Freeze-thaw damage deterioration mechanism of rice husk ash concrete based on pore volume fractal dimension

Under the increasingly severe environmental pressure, the application of agricultural by-products such as rice husk ash (RHA) in concrete has attracted widespread attention. In order to study the effect of rice husk ash partial replacement (0%, 10%, 20%, 30%) of Portland cement by equal mass on the frost resistance of concrete, the apparent morphology, mass loss, dynamic elastic modulus and compressive strength of rice husk ash concrete under the action of freeze-thaw cycles were conducted, while the spatial distribution pattern of cement paste pores was explored by establishing the pore volume fractal dimension model, and the freeze-thaw damage deterioration mechanism of rice husk ash concrete was revealed.
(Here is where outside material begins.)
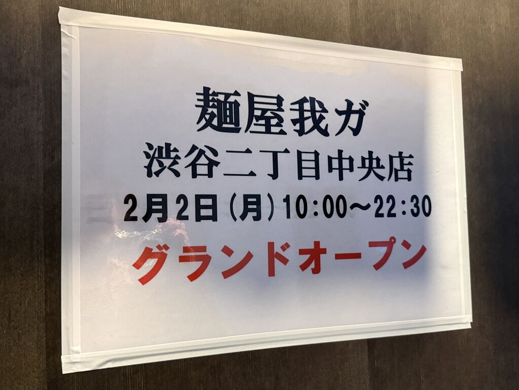 2026年2月2日本日オープンの新店「麺屋 我ガ 渋谷二丁目中央店」へ。
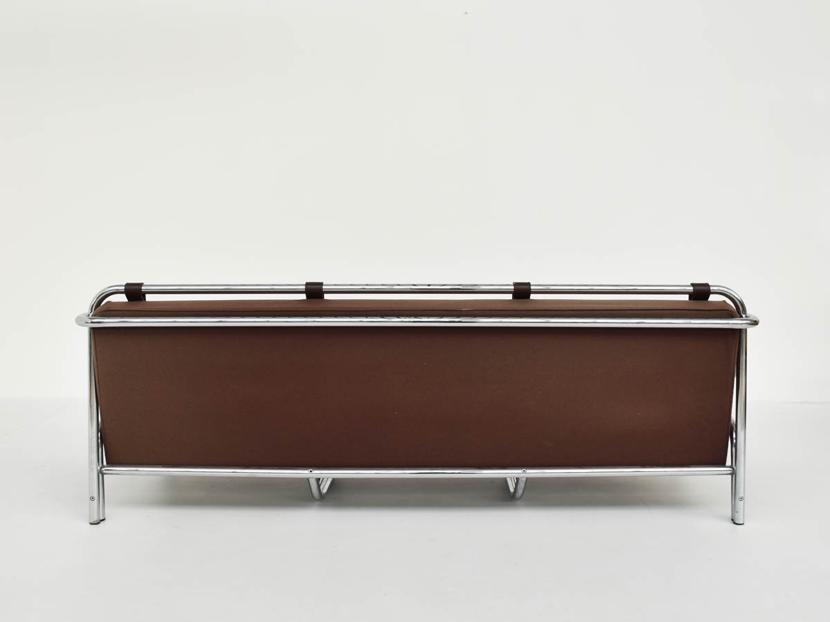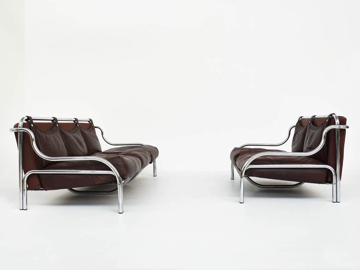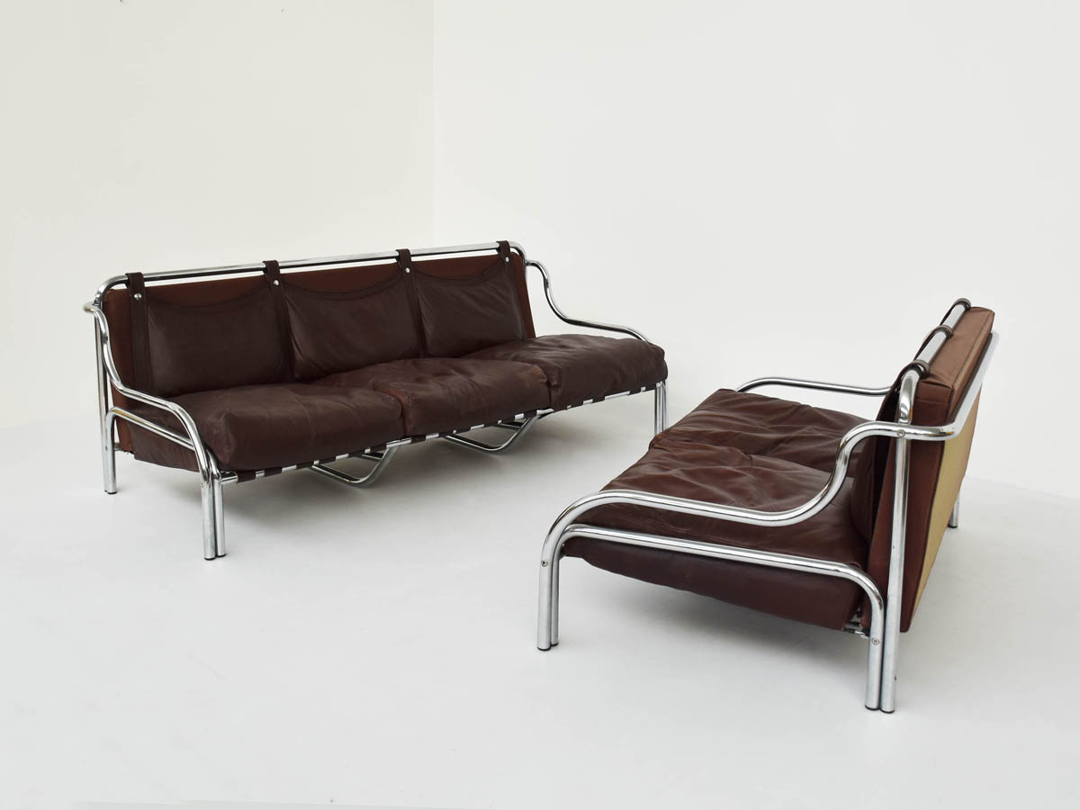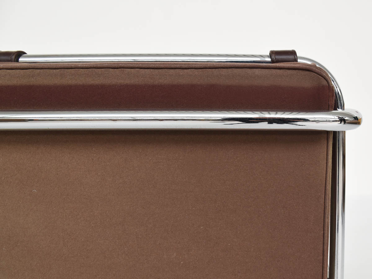 Patinaleder | verchromtes Metall | Filz | Polsterung

The results show that with the increase of the number of freeze-thaw cycles, the surface spalling damage of concrete gradually intensifies, the mass loss rate tends to decrease and then increase, while the relative dynamic elastic modulus and relative compressive strength show a decreasing trend. In addition, since the hardened cement paste before and after freeze-thaw cycles shows obvious multifractal characteristics, its pore structure can be divided into two categories: Small pores and great pores. Under the action of freeze-thaw cycles, the existence of the mesoporous structure of rice husk ash will improve the pore size distribution of concrete, resulting in an increase in the fractal dimension of the small pores. The great pores are more sensitive to freeze-thaw cycles, and their pore structures will be subject to freeze-thaw damage due to the gradual accumulation of swelling pressure.